В конечном итоге из всех пунктов остается, на наш взгляд, лишь один: бесспорный кризис балтийской и левантийской торговли в 1620–1660-х годах. Характерно, что к этому же периоду Хобсбом приурочивает и сам кризис.

Нам представляется, что в основе всей концепции кризиса лежит— как единственно достоверный комплекс фактов — упадок балтийской и левантийской торговли.[42] Это в свою очередь принуждает ставить вопрос о причинах кризиса в другой плоскости, чем сделано в анализируемой статье.

Не следует ли приписать сокращение торговли на Балтике и в Средиземноморье первой общеевропейской войне, известной под именем Тридцатилетней, и другим войнам, происходившим в отдельных частях Европы в 1650–1670-х годах? Вопрос этот не может не возникнуть, и, предвидя его, Хобсбом приводит свои возражения. По его мнению, война не могла быть причиной — она лишь усугубляла имевшийся повсюду кризис. Война затронула только некоторые области Евоопы, а кризис имел место также и там, где никаких военных действий не происходило. Кроме того, масштабы вызванной войнами XVII в. разрухи сильно преувеличены. Мы теперь знаем, что даже после небывало разрушительных войн XX в. достаточно 20–25 лет, чтобы была возмещена убыль населения, восстановлено капитальное оборудование и достигнут прежний объем производства.
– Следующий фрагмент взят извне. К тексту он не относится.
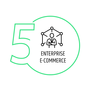 Ostatni zbiór stanowią największe systemy, czyli enterprise e-commerce. Zawierają praktycznie wszystkie mechanizmy niezbędne dla B2C i B2B. Tym samym są to najdroższe systemy, polecane dla największych firm. W tej grupie znajdują takie rozwiązania jak SAP Commerce, Oracle Commerce, IBM Websphere Commerce i Salesforce Commerce Clud.

Если в XVII в. темпы восстановления были много ниже, то опять-таки этому способствовало наличие кризисной обстановки. Помимо того, принесенным войной потерям надо противопоставить стимулированное ею же развитие горного дела и металлургии, а также временные подъемы промышленности в странах, не участвовавших в войне (например, в Англии в 1630-х годах). Наконец, Хобсбом ставит и такой вопрос: не была ли сама война (он имеет в виду Тридцатилетнюю войну) вызвана кризисом и не потому ли она растянулась на такой срок? Впрочем, автор считает такую точку зрения умозрительной и дальше ее не развивает.

Выше мы уже имели случай критиковать аналогичные взгляды Мунье и в дальнейшем вернемся к обсуждению вопроса о воздействии войны на состояние экономики в XVII в. Здесь же отметим, что доводы Хобсбома представляются неубедительными. Им, так же как и доводам Мунье, присущи значительная модернизация и априорность.
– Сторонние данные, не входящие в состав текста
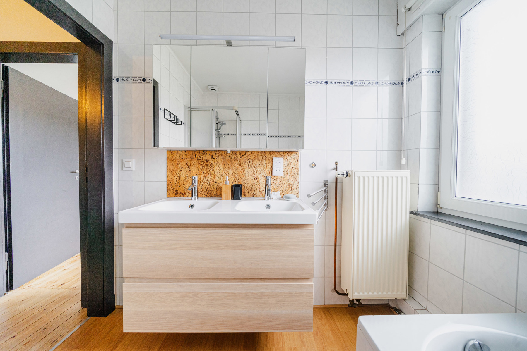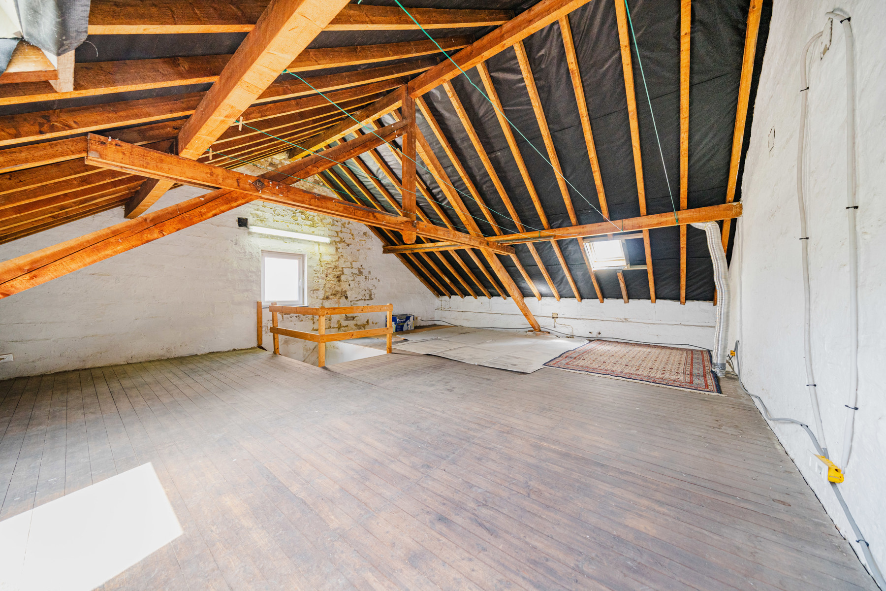 Au premier étage, 3 chambres et une salle de bains avec baignoire et douche. Au deuxième étage, un vaste grenier aménageable de 60m2 (poss. 2 chambres).

Отвергнув войну в качестве причины кризиса, Хобсбом переходит к рассмотрению тех причин, которые, по его мнению, действительно затрудняли развитие капитализма. Да, именно капитализма, ибо в дальнейшем Хобсбом анализирует уже не разнообразную по своей основной характеристике экономику всей Европы, а только развитие одной капиталистической экономики. Почему, спрашивает автор, капитализм появился в конце XV в. и сильно развился в XVI в., а промышленного переворота пришлось все же ждать до XVIII–XIX вв.? Каковы были препятствия, не допускавшие более быстрого и гладкого роста капитализма? Он считает, что этими препятствиями были 1) социальная структура феодального (т. е. аграрного по своей сути) общества, 2) трудности в завоевании и освоении заморских и колониальных рынков и 3) узость внутреннего рынка. Если учесть, что первая причина совпадает с третьей, то в итоге все препятствия можно, коротко говоря, свести к одной причине — кризису сбыта на внешнем и внутреннем рынках. Капитализм развивался медленно и пережил полосу острого кризиса в XVII в. в силу того, что не было возможности обеспечить возрастающий платежеспособный спрос и не было, следовательно, стимула к увеличению размеров капиталистического производства. Чтобы не осталось никаких сомнений в том, что он ищет основную причину кризиса именно в сфере сбыта, Хобсбом специально добавляет, что в области техники для развития капитализма в XVI–XVII вв. не было непреодолимых препятствий. Он ссылается на исследования Нефа, посвященные «первой промышленной революции» в Англии в 1540–1640 гг., и особенно подчеркивает значительный технический прогресс в Германии в 1450–1520 гг. (книгопечатание, эффективное огнестрельное оружие, часы, развитие горного дела и металлургии).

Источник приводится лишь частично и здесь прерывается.